AVAILABLE DATA below:

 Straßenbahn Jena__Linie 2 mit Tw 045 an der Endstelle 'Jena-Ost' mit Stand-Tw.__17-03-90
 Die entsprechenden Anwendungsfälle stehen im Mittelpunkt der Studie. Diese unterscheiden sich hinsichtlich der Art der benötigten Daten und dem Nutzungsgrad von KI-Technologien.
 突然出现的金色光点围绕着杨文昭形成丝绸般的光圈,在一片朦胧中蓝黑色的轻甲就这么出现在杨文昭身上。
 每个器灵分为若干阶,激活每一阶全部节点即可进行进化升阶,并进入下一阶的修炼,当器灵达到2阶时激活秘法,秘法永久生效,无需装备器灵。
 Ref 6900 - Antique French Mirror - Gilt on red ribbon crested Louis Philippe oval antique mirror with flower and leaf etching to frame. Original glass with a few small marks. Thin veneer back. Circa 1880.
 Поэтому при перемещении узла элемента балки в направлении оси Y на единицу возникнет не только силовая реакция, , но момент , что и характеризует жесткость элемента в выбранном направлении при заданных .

End of AVAILABLE DATA.
AVAILABLE DATA below:

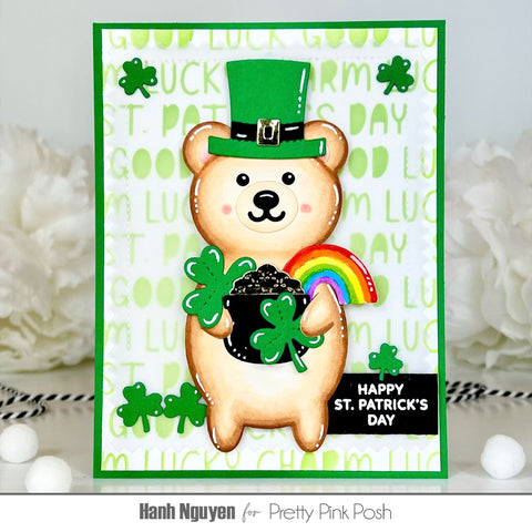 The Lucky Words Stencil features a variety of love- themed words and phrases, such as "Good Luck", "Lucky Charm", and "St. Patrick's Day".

End of AVAILABLE DATA.

■ DIRECTIONS: Restate word for word only the lines above from the line containing "每个器灵分为若干阶,激活每一" to the line containing "Поэтому при перемещении", both of them included.

■ RESPONSE:
 每个器灵分为若干阶,激活每一阶全部节点即可进行进化升阶,并进入下一阶的修炼,当器灵达到2阶时激活秘法,秘法永久生效,无需装备器灵。
 Ref 6900 - Antique French Mirror - Gilt on red ribbon crested Louis Philippe oval antique mirror with flower and leaf etching to frame. Original glass with a few small marks. Thin veneer back. Circa 1880.
 Поэтому при перемещении узла элемента балки в направлении оси Y на единицу возникнет не только силовая реакция, , но момент , что и характеризует жесткость элемента в выбранном направлении при заданных .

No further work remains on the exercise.